[SOURCE DATA Boundary: Start]

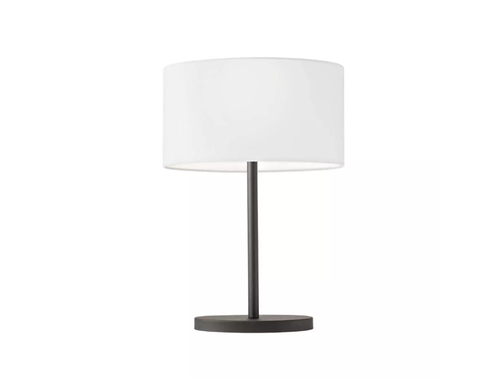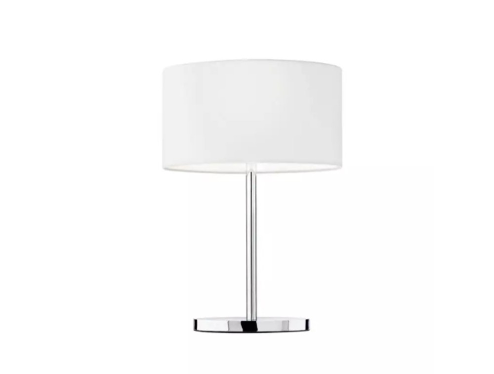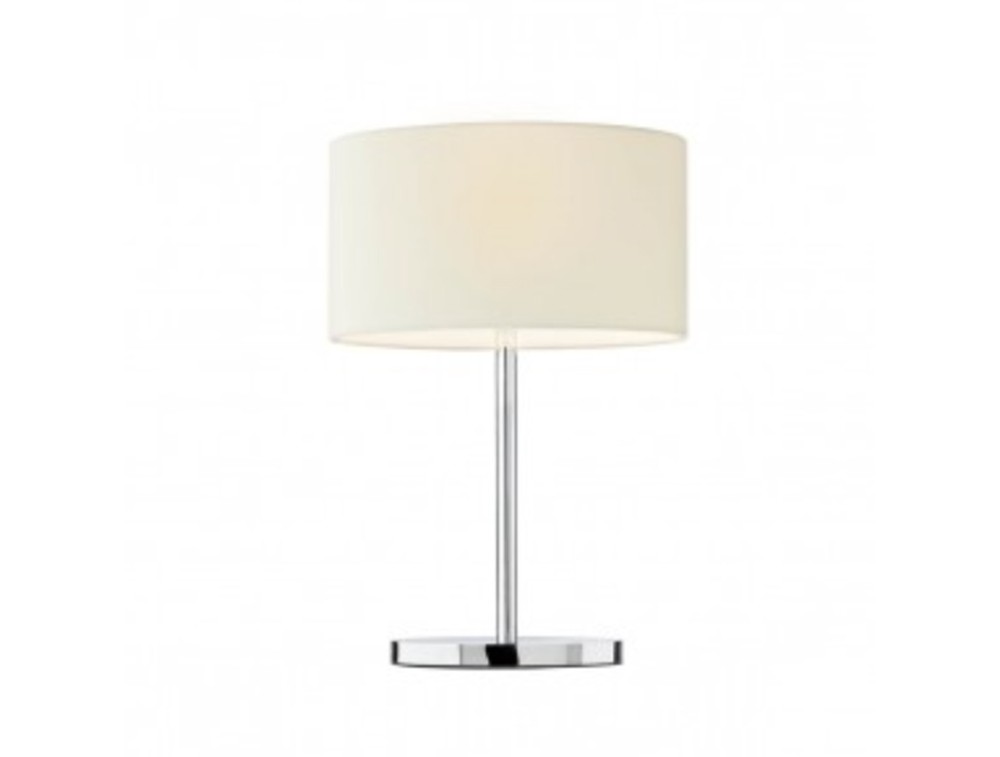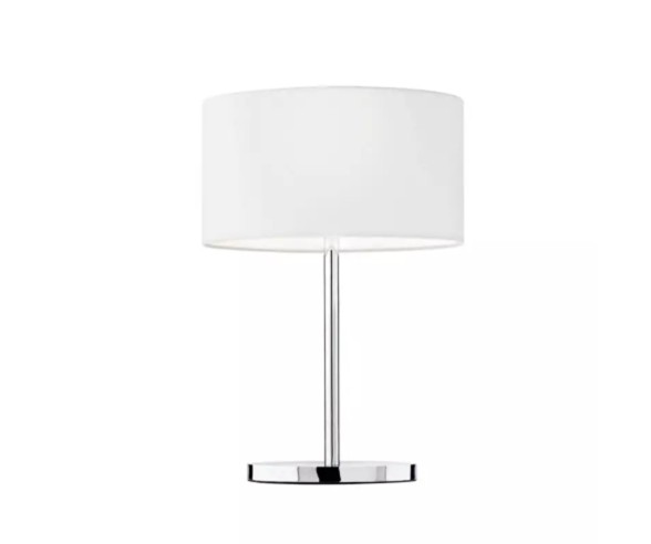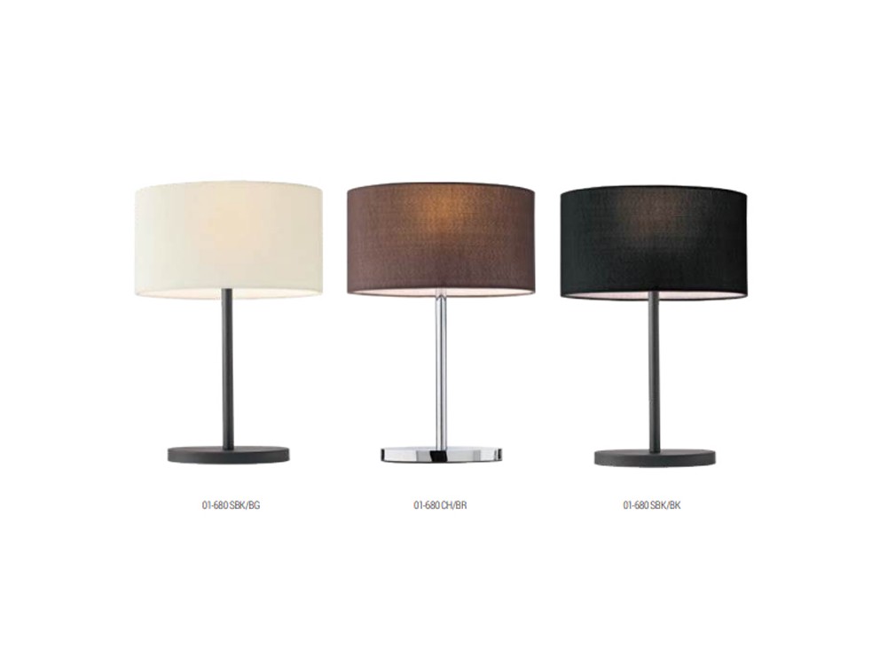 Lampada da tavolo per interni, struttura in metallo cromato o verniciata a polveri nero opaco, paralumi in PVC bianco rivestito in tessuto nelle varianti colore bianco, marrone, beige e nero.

[SOURCE DATA Boundary: End]
[SOURCE DATA Boundary: Start]

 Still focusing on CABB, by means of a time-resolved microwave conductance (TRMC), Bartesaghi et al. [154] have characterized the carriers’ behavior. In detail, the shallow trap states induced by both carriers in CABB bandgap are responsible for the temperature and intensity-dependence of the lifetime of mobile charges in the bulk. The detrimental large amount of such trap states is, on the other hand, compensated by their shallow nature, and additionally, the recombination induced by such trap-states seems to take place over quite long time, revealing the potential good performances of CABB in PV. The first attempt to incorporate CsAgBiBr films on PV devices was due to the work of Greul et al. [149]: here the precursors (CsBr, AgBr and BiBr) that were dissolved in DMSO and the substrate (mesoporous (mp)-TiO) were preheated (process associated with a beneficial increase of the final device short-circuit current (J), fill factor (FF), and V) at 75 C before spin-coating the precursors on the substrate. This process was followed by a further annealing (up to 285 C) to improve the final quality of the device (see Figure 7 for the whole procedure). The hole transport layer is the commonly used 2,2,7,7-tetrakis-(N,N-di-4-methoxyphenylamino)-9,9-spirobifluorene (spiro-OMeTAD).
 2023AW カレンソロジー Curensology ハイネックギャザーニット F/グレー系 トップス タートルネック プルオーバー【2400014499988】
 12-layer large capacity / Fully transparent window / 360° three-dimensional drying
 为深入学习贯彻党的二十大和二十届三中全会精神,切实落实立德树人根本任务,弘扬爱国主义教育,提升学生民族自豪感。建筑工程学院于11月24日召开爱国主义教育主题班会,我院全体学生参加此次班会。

[SOURCE DATA Boundary: End]
[SOURCE DATA Boundary: Start]

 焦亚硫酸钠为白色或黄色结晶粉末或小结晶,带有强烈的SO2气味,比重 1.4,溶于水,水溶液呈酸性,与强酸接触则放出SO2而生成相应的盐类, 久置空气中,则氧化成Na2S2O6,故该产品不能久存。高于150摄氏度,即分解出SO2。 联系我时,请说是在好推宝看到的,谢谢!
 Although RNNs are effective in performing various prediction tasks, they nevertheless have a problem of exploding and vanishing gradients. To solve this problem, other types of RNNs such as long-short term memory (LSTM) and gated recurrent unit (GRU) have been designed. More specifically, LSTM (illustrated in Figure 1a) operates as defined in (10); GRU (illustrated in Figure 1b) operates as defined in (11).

[SOURCE DATA Boundary: End]

● **ABOUT THIS EXERCISE**: All that belongs in your answer is the stretch of entries above from the line with "2023AW カレンソロジー Curensology" through the line with "为深入学习贯彻党的二十大和二", printed exactly.

● **SOLUTION TO THIS PROBLEM**:
 2023AW カレンソロジー Curensology ハイネックギャザーニット F/グレー系 トップス タートルネック プルオーバー【2400014499988】
 12-layer large capacity / Fully transparent window / 360° three-dimensional drying
 为深入学习贯彻党的二十大和二十届三中全会精神,切实落实立德树人根本任务,弘扬爱国主义教育,提升学生民族自豪感。建筑工程学院于11月24日召开爱国主义教育主题班会,我院全体学生参加此次班会。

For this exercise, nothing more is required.